• Given material:
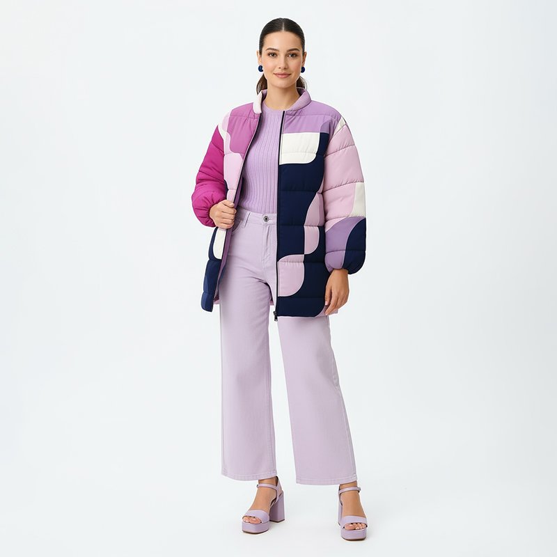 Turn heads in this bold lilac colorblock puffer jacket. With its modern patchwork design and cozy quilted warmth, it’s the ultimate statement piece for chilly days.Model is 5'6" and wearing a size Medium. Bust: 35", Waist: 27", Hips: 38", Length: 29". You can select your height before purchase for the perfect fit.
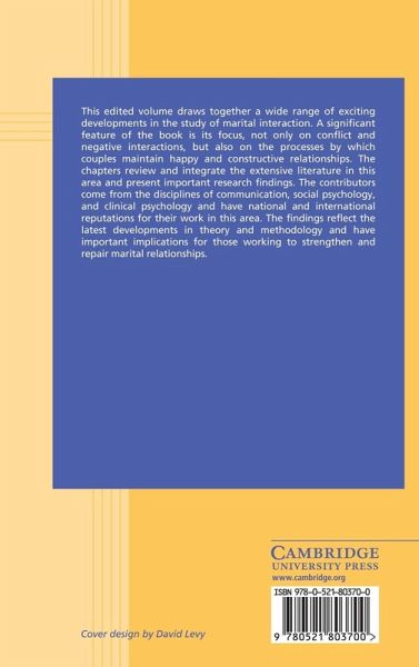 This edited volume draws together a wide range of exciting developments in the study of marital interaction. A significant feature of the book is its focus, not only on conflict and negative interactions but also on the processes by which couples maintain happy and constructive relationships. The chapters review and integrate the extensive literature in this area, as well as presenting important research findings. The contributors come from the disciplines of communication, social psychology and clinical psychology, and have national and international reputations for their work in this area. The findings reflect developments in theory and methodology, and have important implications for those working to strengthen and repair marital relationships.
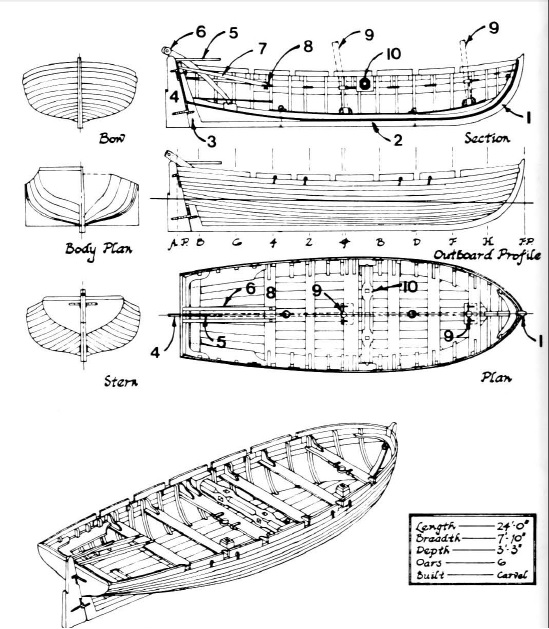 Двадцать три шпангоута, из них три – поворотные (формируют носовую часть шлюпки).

• Task instructions:
The data is to be printed again exactly, but without its pictures.

• Reply to the exercise:
 Turn heads in this bold lilac colorblock puffer jacket. With its modern patchwork design and cozy quilted warmth, it’s the ultimate statement piece for chilly days.Model is 5'6" and wearing a size Medium. Bust: 35", Waist: 27", Hips: 38", Length: 29". You can select your height before purchase for the perfect fit.
 This edited volume draws together a wide range of exciting developments in the study of marital interaction. A significant feature of the book is its focus, not only on conflict and negative interactions but also on the processes by which couples maintain happy and constructive relationships. The chapters review and integrate the extensive literature in this area, as well as presenting important research findings. The contributors come from the disciplines of communication, social psychology and clinical psychology, and have national and international reputations for their work in this area. The findings reflect developments in theory and methodology, and have important implications for those working to strengthen and repair marital relationships.
 Двадцать три шпангоута, из них три – поворотные (формируют носовую часть шлюпки).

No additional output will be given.